*Exercise prompt:* Reproduce the lines below verbatim. Pictures are to be omitted.
** Opening Collected material block **
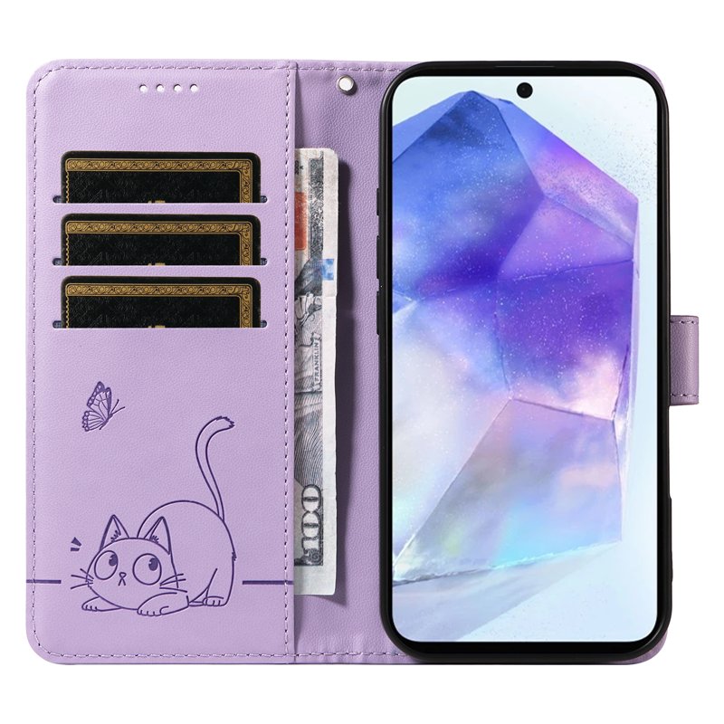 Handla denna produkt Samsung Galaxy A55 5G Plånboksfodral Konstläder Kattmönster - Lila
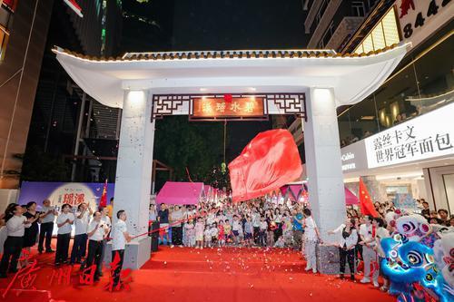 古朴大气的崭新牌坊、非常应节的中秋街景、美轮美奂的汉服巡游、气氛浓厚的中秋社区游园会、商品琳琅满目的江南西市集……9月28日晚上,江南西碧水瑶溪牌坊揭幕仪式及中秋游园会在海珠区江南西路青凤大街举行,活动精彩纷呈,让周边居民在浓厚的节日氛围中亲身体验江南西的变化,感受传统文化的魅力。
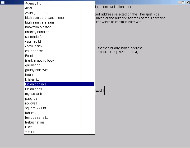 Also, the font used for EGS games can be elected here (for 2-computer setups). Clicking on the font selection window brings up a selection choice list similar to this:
** Closing Collected material block **
*Response:*
 Handla denna produkt Samsung Galaxy A55 5G Plånboksfodral Konstläder Kattmönster - Lila
 古朴大气的崭新牌坊、非常应节的中秋街景、美轮美奂的汉服巡游、气氛浓厚的中秋社区游园会、商品琳琅满目的江南西市集……9月28日晚上,江南西碧水瑶溪牌坊揭幕仪式及中秋游园会在海珠区江南西路青凤大街举行,活动精彩纷呈,让周边居民在浓厚的节日氛围中亲身体验江南西的变化,感受传统文化的魅力。
 Also, the font used for EGS games can be elected here (for 2-computer setups). Clicking on the font selection window brings up a selection choice list similar to this:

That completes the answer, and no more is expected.